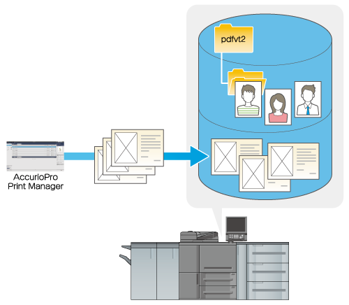 Utilisez AccurioPro Print Manager pour charger le fichier PDF/VT-2 sur l'ordinateur pour une tâche en attente, une tâche sécurisée ou une tâche sur disque dur. Cette section décrit comment charger un fichier dans une tâche en attente.
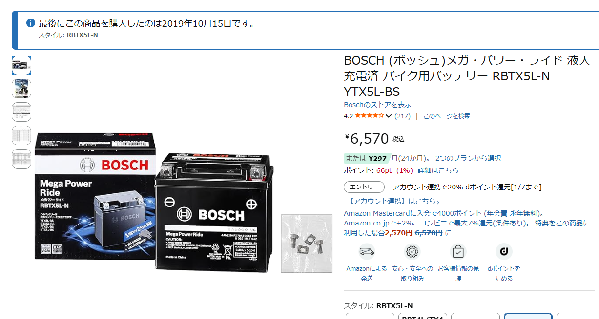 購入前にAmazonで大方の価格をチェックしてから2りんかんに行ったらGSユアサ製(YTX5L-BS)がAmazon比数十%ONの価格で販売されてた(どちらも当時価格)のを確認。
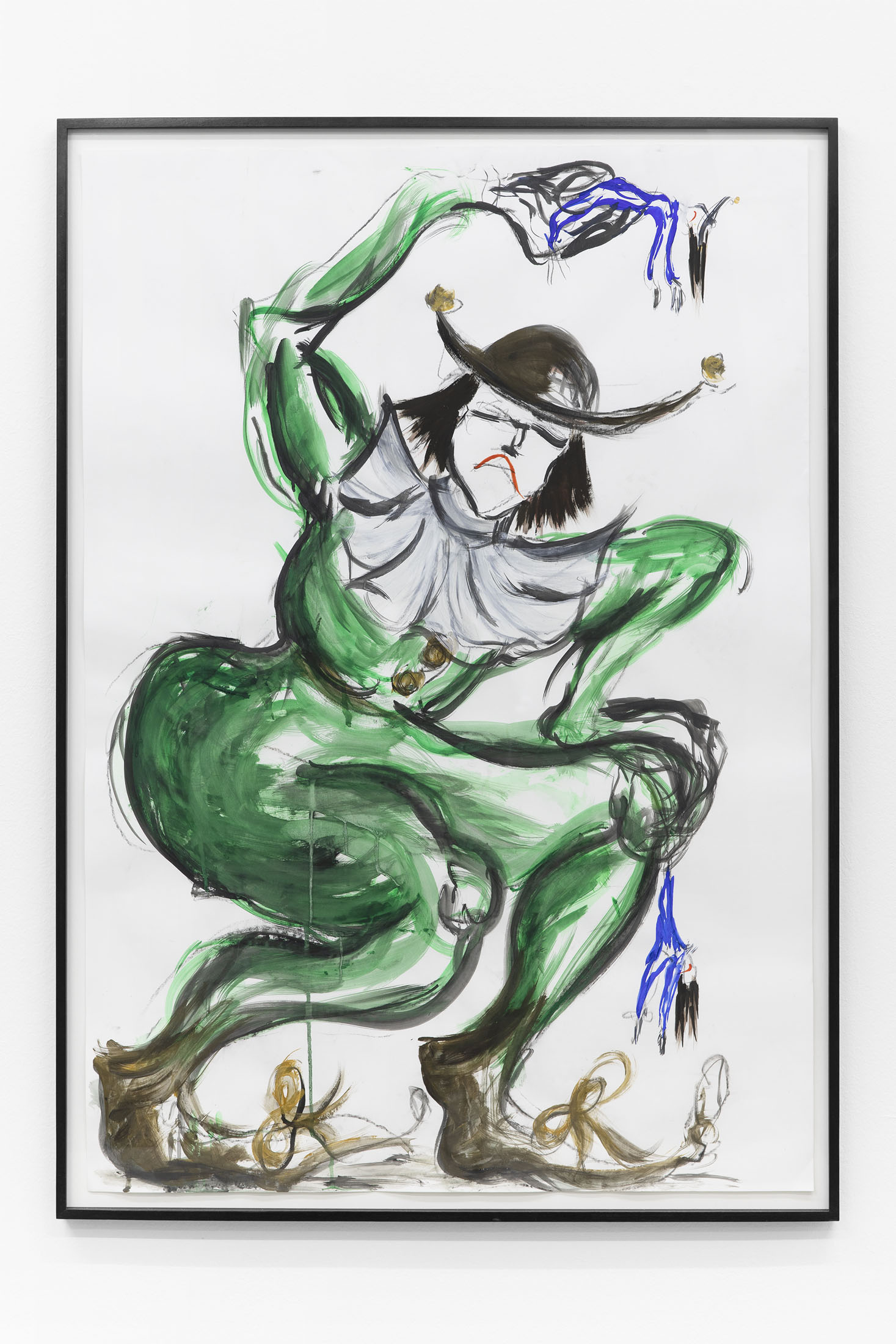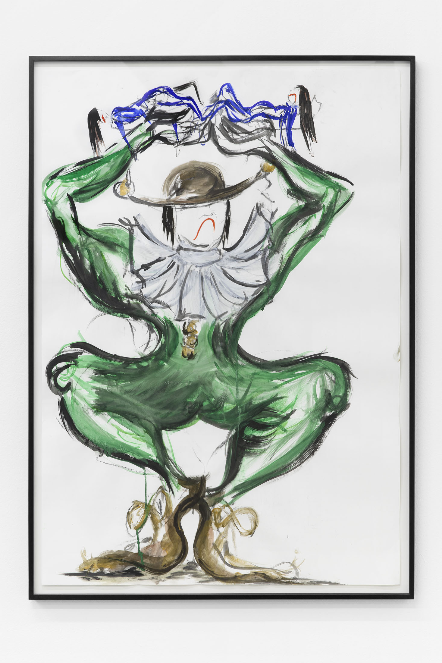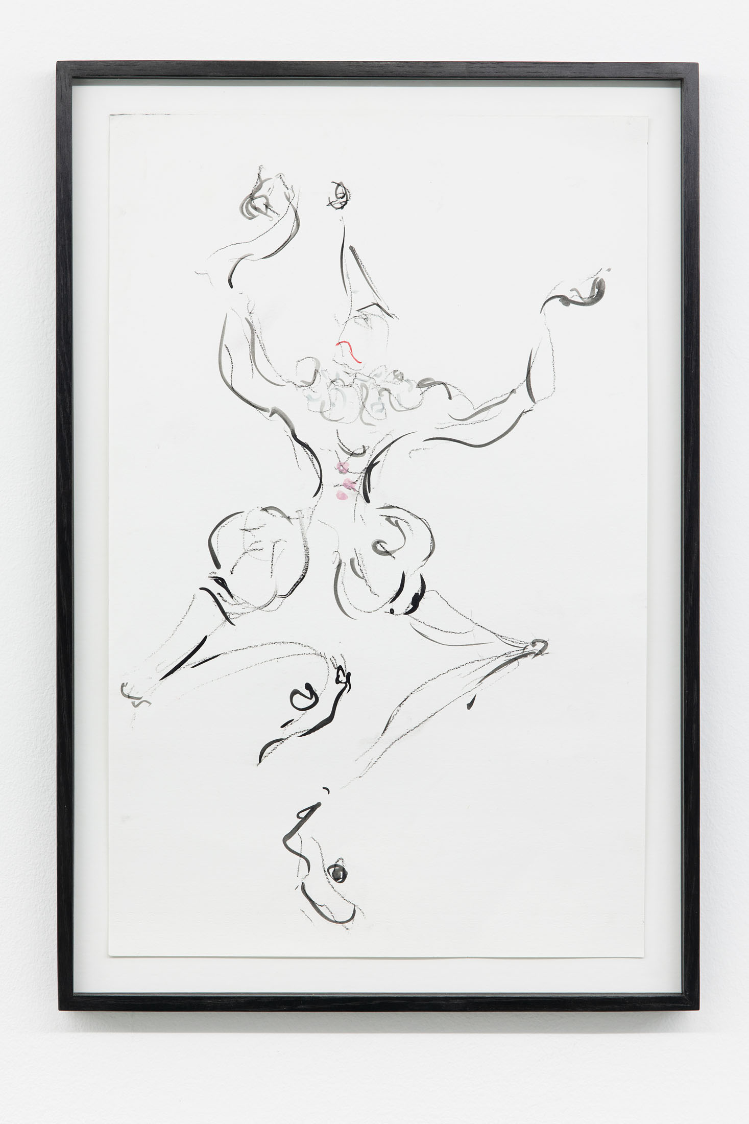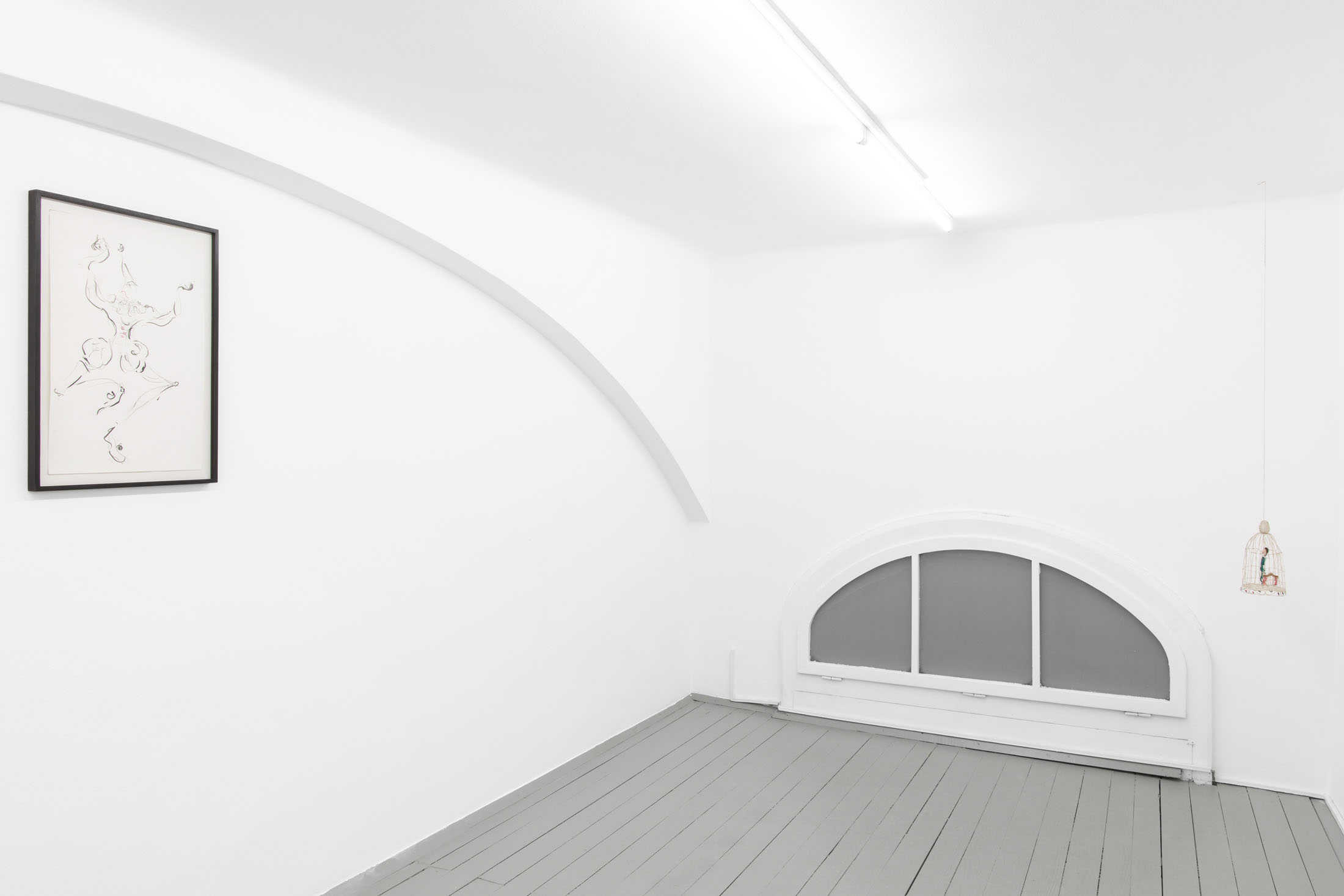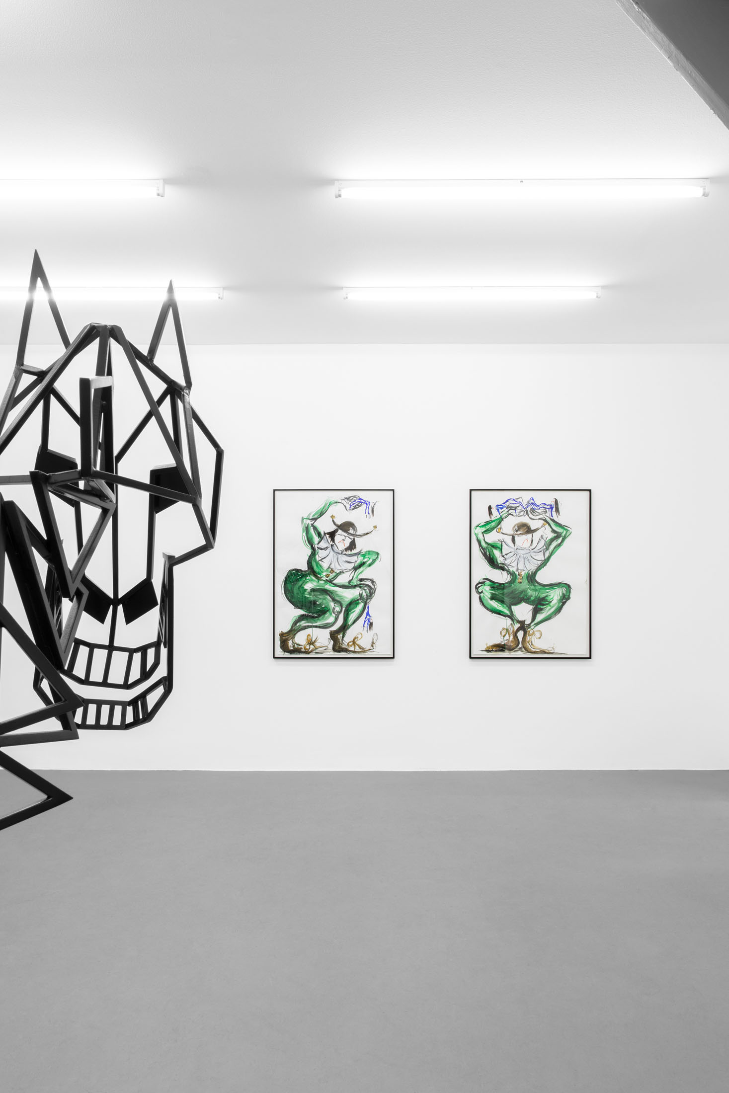 If the horse is our ominous greeter, the drawings scattered through the space are its secret script. In strong lines, Béna sketches puppet-like figures caught in ambiguous exchanges — gestures hovering between affection and aggression, care and control. These characters seem to rehearse private dramas, perhaps preparing for a performance that will never begin. Like clowns behind the curtain, their exaggerated movements both parody and reveal. They remind us that the grotesque is not always loud; sometimes, it whispers through quiet gestures, through small bodies entangled in fraught choreographies of our everyday.

# Work required
What is needed is a word-for-word restatement of the lines from the one holding "購入前にAmazonで大方の" to the final line of the data above, inclusive, without any pictures.

# Solution to this task
 購入前にAmazonで大方の価格をチェックしてから2りんかんに行ったらGSユアサ製(YTX5L-BS)がAmazon比数十%ONの価格で販売されてた(どちらも当時価格)のを確認。
 If the horse is our ominous greeter, the drawings scattered through the space are its secret script. In strong lines, Béna sketches puppet-like figures caught in ambiguous exchanges — gestures hovering between affection and aggression, care and control. These characters seem to rehearse private dramas, perhaps preparing for a performance that will never begin. Like clowns behind the curtain, their exaggerated movements both parody and reveal. They remind us that the grotesque is not always loud; sometimes, it whispers through quiet gestures, through small bodies entangled in fraught choreographies of our everyday.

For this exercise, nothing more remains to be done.